> _EXERCISE_
The records follow. Print, word for word, the first line through the "vidaXL Chicken Feeder" line.

Dataset entries
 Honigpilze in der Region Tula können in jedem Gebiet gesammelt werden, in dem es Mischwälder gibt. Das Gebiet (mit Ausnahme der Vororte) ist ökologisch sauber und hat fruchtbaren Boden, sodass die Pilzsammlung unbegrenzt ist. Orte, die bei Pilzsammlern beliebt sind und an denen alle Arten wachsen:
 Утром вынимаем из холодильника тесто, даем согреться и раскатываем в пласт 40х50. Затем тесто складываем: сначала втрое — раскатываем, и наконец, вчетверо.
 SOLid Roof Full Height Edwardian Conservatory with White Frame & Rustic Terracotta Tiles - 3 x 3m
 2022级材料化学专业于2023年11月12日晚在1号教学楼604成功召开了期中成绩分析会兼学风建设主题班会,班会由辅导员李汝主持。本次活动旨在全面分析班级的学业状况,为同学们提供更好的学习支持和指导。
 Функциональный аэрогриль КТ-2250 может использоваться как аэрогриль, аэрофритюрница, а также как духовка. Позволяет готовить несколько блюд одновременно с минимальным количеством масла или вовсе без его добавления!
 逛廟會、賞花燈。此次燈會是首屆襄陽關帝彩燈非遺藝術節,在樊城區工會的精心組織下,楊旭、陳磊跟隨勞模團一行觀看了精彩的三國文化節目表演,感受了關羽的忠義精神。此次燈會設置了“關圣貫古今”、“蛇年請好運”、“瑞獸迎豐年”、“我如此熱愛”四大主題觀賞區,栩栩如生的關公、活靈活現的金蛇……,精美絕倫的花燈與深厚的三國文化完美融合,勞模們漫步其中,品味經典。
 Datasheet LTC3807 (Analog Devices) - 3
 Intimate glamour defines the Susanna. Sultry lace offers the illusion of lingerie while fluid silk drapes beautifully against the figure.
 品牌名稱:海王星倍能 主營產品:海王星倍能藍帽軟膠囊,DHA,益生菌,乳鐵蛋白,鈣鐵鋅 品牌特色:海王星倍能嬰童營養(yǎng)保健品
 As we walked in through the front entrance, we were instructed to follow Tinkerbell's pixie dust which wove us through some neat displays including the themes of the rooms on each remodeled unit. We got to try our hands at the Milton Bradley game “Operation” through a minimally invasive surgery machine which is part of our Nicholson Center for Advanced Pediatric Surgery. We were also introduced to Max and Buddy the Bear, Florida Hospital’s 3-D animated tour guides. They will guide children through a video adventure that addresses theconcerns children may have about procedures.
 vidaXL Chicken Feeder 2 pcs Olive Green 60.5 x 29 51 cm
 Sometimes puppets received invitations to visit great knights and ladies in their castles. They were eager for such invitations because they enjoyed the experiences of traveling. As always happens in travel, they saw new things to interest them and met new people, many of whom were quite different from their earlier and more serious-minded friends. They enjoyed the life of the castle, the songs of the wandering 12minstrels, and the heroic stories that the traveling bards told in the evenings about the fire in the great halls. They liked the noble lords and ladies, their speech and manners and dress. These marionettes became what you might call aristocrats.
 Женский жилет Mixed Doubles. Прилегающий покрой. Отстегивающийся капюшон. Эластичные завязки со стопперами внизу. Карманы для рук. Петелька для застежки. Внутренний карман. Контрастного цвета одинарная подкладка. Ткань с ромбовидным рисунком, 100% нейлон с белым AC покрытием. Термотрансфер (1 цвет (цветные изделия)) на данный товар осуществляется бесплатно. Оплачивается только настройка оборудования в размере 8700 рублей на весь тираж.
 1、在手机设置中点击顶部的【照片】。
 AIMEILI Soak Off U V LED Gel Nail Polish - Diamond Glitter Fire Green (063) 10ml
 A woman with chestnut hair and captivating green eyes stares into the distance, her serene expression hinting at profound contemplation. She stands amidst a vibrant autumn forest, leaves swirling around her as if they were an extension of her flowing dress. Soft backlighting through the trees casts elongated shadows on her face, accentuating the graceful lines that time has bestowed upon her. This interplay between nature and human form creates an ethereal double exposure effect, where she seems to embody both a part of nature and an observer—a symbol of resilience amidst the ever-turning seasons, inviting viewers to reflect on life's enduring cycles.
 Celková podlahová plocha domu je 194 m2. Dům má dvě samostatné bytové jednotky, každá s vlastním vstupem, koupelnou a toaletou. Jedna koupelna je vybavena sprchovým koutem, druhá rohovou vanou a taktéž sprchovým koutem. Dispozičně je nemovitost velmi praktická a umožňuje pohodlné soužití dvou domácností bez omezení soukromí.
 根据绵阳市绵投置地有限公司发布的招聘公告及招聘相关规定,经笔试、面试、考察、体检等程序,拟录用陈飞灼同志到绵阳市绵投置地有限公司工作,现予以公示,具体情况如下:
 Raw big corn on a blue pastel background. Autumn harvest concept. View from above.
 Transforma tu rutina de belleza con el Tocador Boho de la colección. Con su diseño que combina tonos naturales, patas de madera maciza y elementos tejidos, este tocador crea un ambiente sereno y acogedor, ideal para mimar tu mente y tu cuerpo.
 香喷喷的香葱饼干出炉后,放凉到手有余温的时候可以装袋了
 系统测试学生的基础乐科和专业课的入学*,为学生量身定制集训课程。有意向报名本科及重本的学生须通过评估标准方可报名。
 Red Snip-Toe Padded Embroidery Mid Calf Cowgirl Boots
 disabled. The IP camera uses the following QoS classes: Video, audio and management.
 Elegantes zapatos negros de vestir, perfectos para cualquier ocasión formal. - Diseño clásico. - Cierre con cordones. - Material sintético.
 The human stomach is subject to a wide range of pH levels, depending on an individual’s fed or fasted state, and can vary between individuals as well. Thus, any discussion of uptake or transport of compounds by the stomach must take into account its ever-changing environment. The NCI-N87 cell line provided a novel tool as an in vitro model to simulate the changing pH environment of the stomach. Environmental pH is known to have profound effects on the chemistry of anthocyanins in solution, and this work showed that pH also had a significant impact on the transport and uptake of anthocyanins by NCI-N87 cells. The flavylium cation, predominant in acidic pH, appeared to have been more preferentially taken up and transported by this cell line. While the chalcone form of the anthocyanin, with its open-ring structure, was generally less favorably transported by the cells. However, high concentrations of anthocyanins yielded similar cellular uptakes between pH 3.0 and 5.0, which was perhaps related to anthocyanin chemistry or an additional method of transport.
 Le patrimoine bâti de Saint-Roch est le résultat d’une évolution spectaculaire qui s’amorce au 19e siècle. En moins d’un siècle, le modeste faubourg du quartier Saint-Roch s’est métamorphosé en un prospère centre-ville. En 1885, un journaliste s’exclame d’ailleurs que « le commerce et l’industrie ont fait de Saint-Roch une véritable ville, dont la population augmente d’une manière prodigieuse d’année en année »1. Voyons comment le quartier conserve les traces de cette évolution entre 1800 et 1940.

> _WRITTEN RESPONSE_
 Honigpilze in der Region Tula können in jedem Gebiet gesammelt werden, in dem es Mischwälder gibt. Das Gebiet (mit Ausnahme der Vororte) ist ökologisch sauber und hat fruchtbaren Boden, sodass die Pilzsammlung unbegrenzt ist. Orte, die bei Pilzsammlern beliebt sind und an denen alle Arten wachsen:
 Утром вынимаем из холодильника тесто, даем согреться и раскатываем в пласт 40х50. Затем тесто складываем: сначала втрое — раскатываем, и наконец, вчетверо.
 SOLid Roof Full Height Edwardian Conservatory with White Frame & Rustic Terracotta Tiles - 3 x 3m
 2022级材料化学专业于2023年11月12日晚在1号教学楼604成功召开了期中成绩分析会兼学风建设主题班会,班会由辅导员李汝主持。本次活动旨在全面分析班级的学业状况,为同学们提供更好的学习支持和指导。
 Функциональный аэрогриль КТ-2250 может использоваться как аэрогриль, аэрофритюрница, а также как духовка. Позволяет готовить несколько блюд одновременно с минимальным количеством масла или вовсе без его добавления!
 逛廟會、賞花燈。此次燈會是首屆襄陽關帝彩燈非遺藝術節,在樊城區工會的精心組織下,楊旭、陳磊跟隨勞模團一行觀看了精彩的三國文化節目表演,感受了關羽的忠義精神。此次燈會設置了“關圣貫古今”、“蛇年請好運”、“瑞獸迎豐年”、“我如此熱愛”四大主題觀賞區,栩栩如生的關公、活靈活現的金蛇……,精美絕倫的花燈與深厚的三國文化完美融合,勞模們漫步其中,品味經典。
 Datasheet LTC3807 (Analog Devices) - 3
 Intimate glamour defines the Susanna. Sultry lace offers the illusion of lingerie while fluid silk drapes beautifully against the figure.
 品牌名稱:海王星倍能 主營產品:海王星倍能藍帽軟膠囊,DHA,益生菌,乳鐵蛋白,鈣鐵鋅 品牌特色:海王星倍能嬰童營養(yǎng)保健品
 As we walked in through the front entrance, we were instructed to follow Tinkerbell's pixie dust which wove us through some neat displays including the themes of the rooms on each remodeled unit. We got to try our hands at the Milton Bradley game “Operation” through a minimally invasive surgery machine which is part of our Nicholson Center for Advanced Pediatric Surgery. We were also introduced to Max and Buddy the Bear, Florida Hospital’s 3-D animated tour guides. They will guide children through a video adventure that addresses theconcerns children may have about procedures.
 vidaXL Chicken Feeder 2 pcs Olive Green 60.5 x 29 51 cm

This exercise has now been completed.